What’s your degree?
Edward Greeno: MD
What type of doctor should we call you? Oncologist?
Edward Greeno: Yes I’m a medical oncologist. I do primarily gastrointestinal (GI) oncology
Tell me a little about salmonella and what it is, and why most people don’t want anything to do with it.
Edward Greeno: Salmonella is a gram negative bacteria, it’s a bacteria that often causes food borne illness, it’s actually the source of some pretty severe illnesses in a fair number of people. And it’s something that’s been around obviously for a long time, it’s also something that can infect people without making them real sick sometimes. And one of its properties that’s important to us is that it’s natural behavior when you get infected with it is that it infects the G.I tract, that’s the bowels, and spreads into the lymphoid tissue and then spreads into the liver and spleen which are essentially part of the immune system in the gut. Those are also all places that cancers in the G.I tract like to spread; the regional lymph nodes and into the liver, and so this bacteria already goes to the places that we are trying to treat cancers of the G.I tract.
I read that you saw a study from Austria that this might indeed be useful for cancer but it might also could kill you.
Edward Greeno: Right, it’s been recognized for a long long time that occasionally cancer patients would get infected with something and their cancer would get better, and so about 150 years ago people started deliberately trying to do this. Now they weren’t doing this with salmonella at that point, we’re not quite sure what bacteria they were using, probably some form of strep and other things. They would deliberately infect a patient or their tumor with bacteria and it would sometimes produce very dramatic responses but in an era where you couldn’t really control the bacteria, you didn’t have antibiotics or any other way really to understand what you were doing, this frequently ended up killing the patient. Over the years people have progressed to using what amounted to vaccines using killed bacteria as a way to induce some sort of intense immune response to attack the tumor, that’s what has led to a lot of interest in using the immune system to attack cancers. None of that has worked out very well except for some special circumstances so for the most part it has not yet been successful. In the last couple of decades though as we’re gotten to the point where we can manipulate microorganisms a lot better, using infectious agents either viruses or bacteria as a way to treat cancer, has become much more common, because we can do so many things to change the virus or the bacteria’s behavior to make it safer and more effective.
This is an early; you’re not in phase 3, so you started this here?

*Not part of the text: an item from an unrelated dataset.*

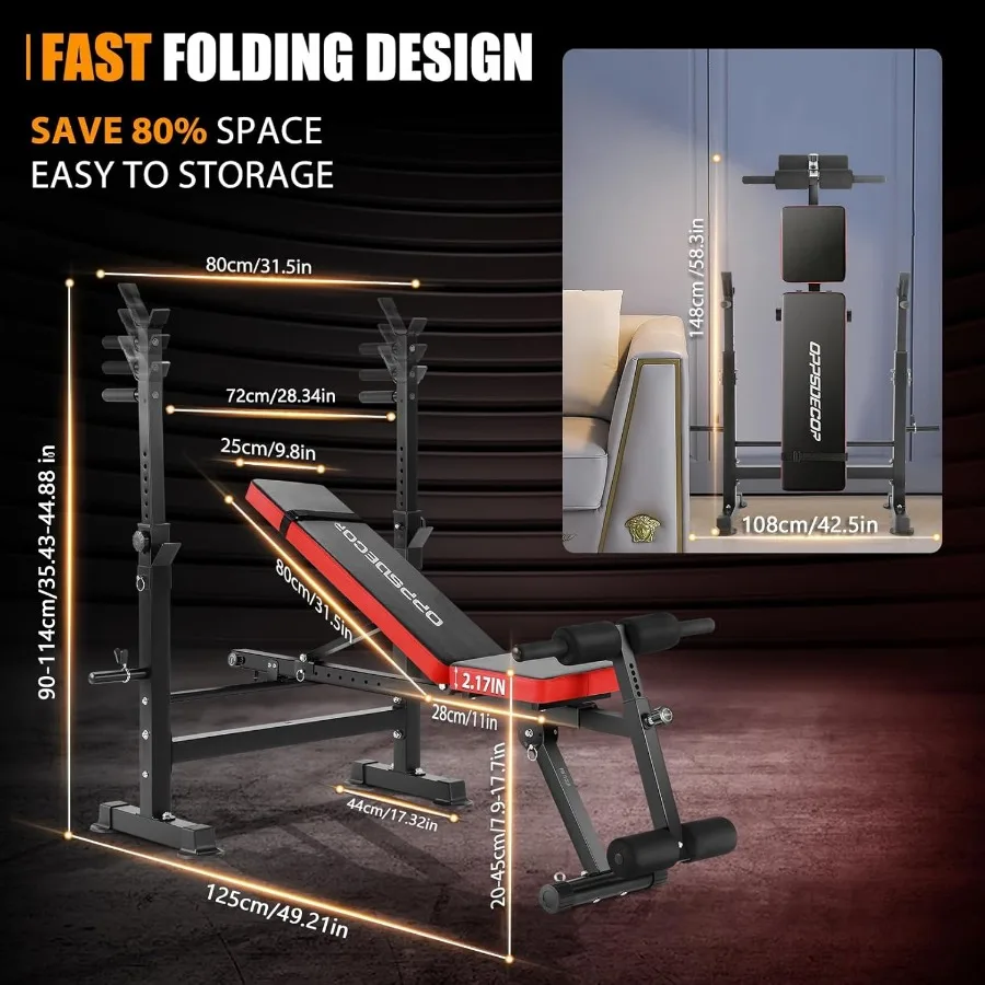 600LBS 6 in 1 Adjustable Weight Bench Set with Incline Decline Flat Sit-Up Function and Squat Rack Foldable Home Gym Workout Be

Edward Greeno: Yes, I started the clinical trial here, just in the last year, the actual development of this though was very long. One of my colleagues, Dr. Dan Saltzman, is the one who actually developed the salmonella, came up with this idea originally, so he spent about 15 years, breeding the salmonella that we are using now, treating mice and looking at how it works in the laboratory to help understand what we were doing with it and why it would work in human tumors
And it was working in mice right?
Edward Greeno: It works quite well in mice, so his very first model was in mice giving them a, using a cell line of colon cancer cells, giving them liver metastasis and treating them with the salmonella
And what did it show?
Edward Greeno: And in that case you could see very dramatic shrinkage of the metastasis in the liver of these mice without making them sick. Through a series of experiments he was able to show the salmonella made interleukin-2 (IL2) which is one of the genes we put into it and the salmonella would go to the cancer, grow in the cancer, the mice would have an immune response against the cancer and that would reduce the volume of cancer in these mice. And the surprising thing was how well you could do that without making the mice sick. So the bacteria that he created is attenuated, that means it’s been weakened and it doesn’t make people sick and it’s important because there have been a lot of attempts as to weaken it in a way that doesn’t get rid of its ability to attack the cancer, so this particular strain still will grow inside of tumor cells. The bacteria actually doesn’t just grow inside your body it actually gets inside the individual cells so that it’s right there inside of the tumor cells, and this strain of bacteria is just like a strain that might be used as vaccination against salmonella, so it’s something that will infect you without making you sick, but in addition to the attenuation, the weakening process he put into it a gene for interleukin 2 . So interleukin 2 is one of the regulators of your immune system, that’s probably one of the key ones, we use it clinically sometimes, directly interleukin 2 is a treatment for some kind of cancers. We cangive very high doses which make people very sick, in a few cancers like melanoma you can see very dramatic responses, but it comes at the expense of great toxicity and it doesn’t work for a lot of types of cancers, so here by putting the gene for interleukin 2 into the salmonella, the salmonella is growing inside the tumor so a tiny bit of interleukin 2 produced by the salmonella represents a pretty high concentration right in the vicinity of the tumor, and it attracts the immune system to attack the tumor.
So you want both?
Edward Greeno: You want both.
Salmonella might have worked alone but you want to make it even more effective
Edward Greeno: Yes, in his early experiments in the mice it looks like the IL2 is important for its function. In some circumstances it doesn’t make as much difference, but in most circumstances you get a much more potent anti-cancer effect by putting the interleukin 2 in.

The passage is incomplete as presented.